ICC has been engaged in several initiatives.
In December, we agreed with the Global Business Dialogue on Electronic Commerce and the OECD’s Business and Industry Advisory Committee to work together to identify best practices for e-commerce and share expertise in such subjects as Internet property rights, bridging the digital divide, and alternative dispute resolution.
ICC played a pivotal role in devising a Global Action Plan for e-commerce that brings together dozens of private sector initiatives. They cover the full range of self-regulation, including marketing and advertising standards, defences against illegal content, privacy protection, certification and authentication of transactions, and trustmarks enabling users to identify reliable vendors.
An online application is about to be launched that enables businesses to conclude contracts with the help of secure interactive software. The new business-to-business facility will be based on ICC’s model sale contract, which has been in worldwide use since 1997.
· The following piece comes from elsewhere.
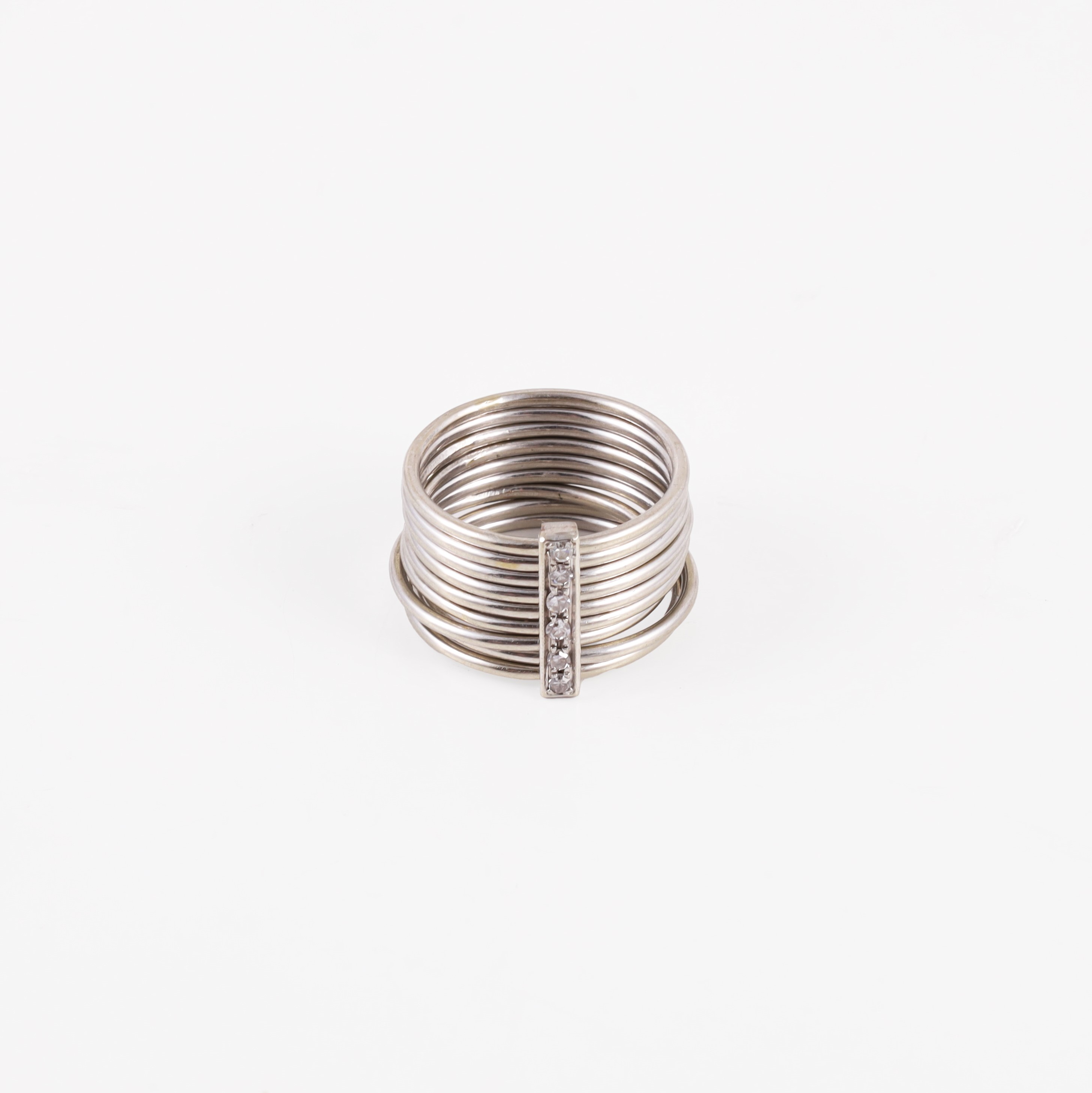 fascia a più fili in oro bianco e diamanti, gr. 6,8.

ICC’s International Bureau of Chambers of Commerce has established World Chambers Network (WCN), a global hub on the Internet where chambers and individual companies exchange information about themselves, their products and business opportunities. ICC has built its reputation on devising self-regulatory standards and mechanisms for paper-based trade. We have long argued that self-regulation by business users of e-commerce is the most effective and practical solution, considering the rapidity of technological change and the difficulty of enforcing national laws in cyberspace.
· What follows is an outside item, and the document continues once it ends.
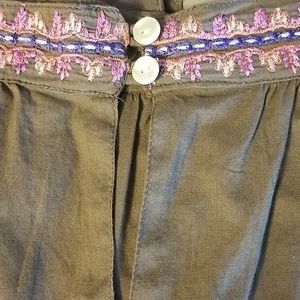 French Connection embroidered brown boho tank top. Empire waist ties to bow on back
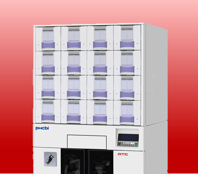 錠剤ハサミを使う“ハンドカット” は、1錠剤あたりの作業時間が約4.7秒*かかるといわれています。PHCbiのATCは、自動半錠カット機能を装備した「自動半錠分割TC棚」をオプション設定。独自のカット機構で、半錠カット専用機では実現でいないハンドカットに近い分割精度を実現。今お使いのPHCbi製錠剤包装機に追加することも可能です。

For governments, the emphasis should be on achieving regulatory efficiency by allowing business to take on as much of the task as possible. After all, business has a strong interest in creating trust across the whole spectrum of users and providers of services. Without such trust, there will be no electronic commerce. But where should the dividing line be drawn between business self-regulation and government regulation? Clearly, governments must ensure that the law is respected in cyberspace, for example, to protect intellectual property and stop criminal abuse.
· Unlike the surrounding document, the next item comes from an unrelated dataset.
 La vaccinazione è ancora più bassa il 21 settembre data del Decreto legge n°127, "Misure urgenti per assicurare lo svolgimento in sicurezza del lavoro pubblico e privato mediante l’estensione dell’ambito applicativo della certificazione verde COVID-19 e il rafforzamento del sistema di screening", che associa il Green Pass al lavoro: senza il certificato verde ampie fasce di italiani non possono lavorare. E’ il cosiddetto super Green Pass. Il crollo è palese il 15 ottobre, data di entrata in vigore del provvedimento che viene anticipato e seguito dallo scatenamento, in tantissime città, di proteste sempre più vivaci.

Business accepts the key role of governments in establishing Internet policy and is no less determined that the Internet should not become a free-for-all. In general terms, business urges governments to leave untouched all those areas where there is no clear evidence that business conduct will have a negative effect on society or on the fundamental rights of individuals.
I remain optimistic that governments will hold to a minimalist and carefully co-ordinated international approach to e-commerce regulation. The future of e-commerce depends on it – as do the hopes placed in e-commerce in the industrial and developing worlds alike. The stakes are high for all of us.